SPT hammer efficiencies vary, which influences the resulting N-values, said GRL Engineers. For this reason, many authorities, such as the US Federal Highway Administration require SPT hammer calibration. In addition, period calibration is required by many US Departments of Transportation. ASTM D1586 recommends that a measured N-value be normalised to 60% drill rod energy, N₆₀ by multiplying it by the ratio between the measured energy transferred to the rod and 60% of the theoretical potential energy. This compensates for the variability in efficiency, and therefore, improves the reliability of soil strength estimates used in geotechnical designs.

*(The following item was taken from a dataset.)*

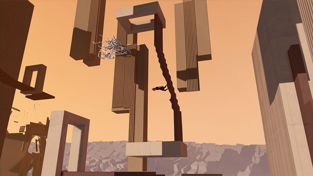 Und erst die Animationen meiner Spielfigur: Elegant drückt sie sich an Wände, läuft auf den Zehenspitzen, vollführt Pirouetten und Überschläge. Lege ich den Controller ein paar Sekunden beiseite, macht die Ballerina ein paar Stretch-Übungen. Begleitet von mal luftigen, mal bedrohlichen elektronischen Klängen springe und hopse ich weiter wenn zuckende Tentakel (oder sind es Flammen oder Nadeln?) nach mir greifen, genügt ein Druck auf die Viereck-Taste, um mich zu befreien. Am Ende jedes Spielabschnitts tanze ich gegen wabernde Polygon-Gebilde an, ergründe in düsteren Räumen die Kindheit meiner Spielfigur und surfe auf einem Stoffband nochmal an den surrealen Level-Kompositionen vorbei. Wow.

To perform the SPT calibration, GRL Engineers attaches an SPT rod, instrumented with strain gages and accelerometers, to the SPT drill string rod. As the drill string is driven into the ground, the strain gages and accelerometers obtain force and velocity signals with each hammer blow. The signals are transmitted to a Pile Driving Analyzer (PDA) that displays the force, velocity and energy transmitted to the drill string, calculates and displays the maximum transferred energy value, and stores the complete time record of force and velocity for all SPT hammer blows. GRL Engineers typically acquires several SPT energy measurements per hammer at a given test location, in accordance with ASTM.
With this testing, GRL Engineers can provide a quantitative calibration report presenting transferred energies, energy transferred ratios and the SPT N₆₀ value for each sample interval tested.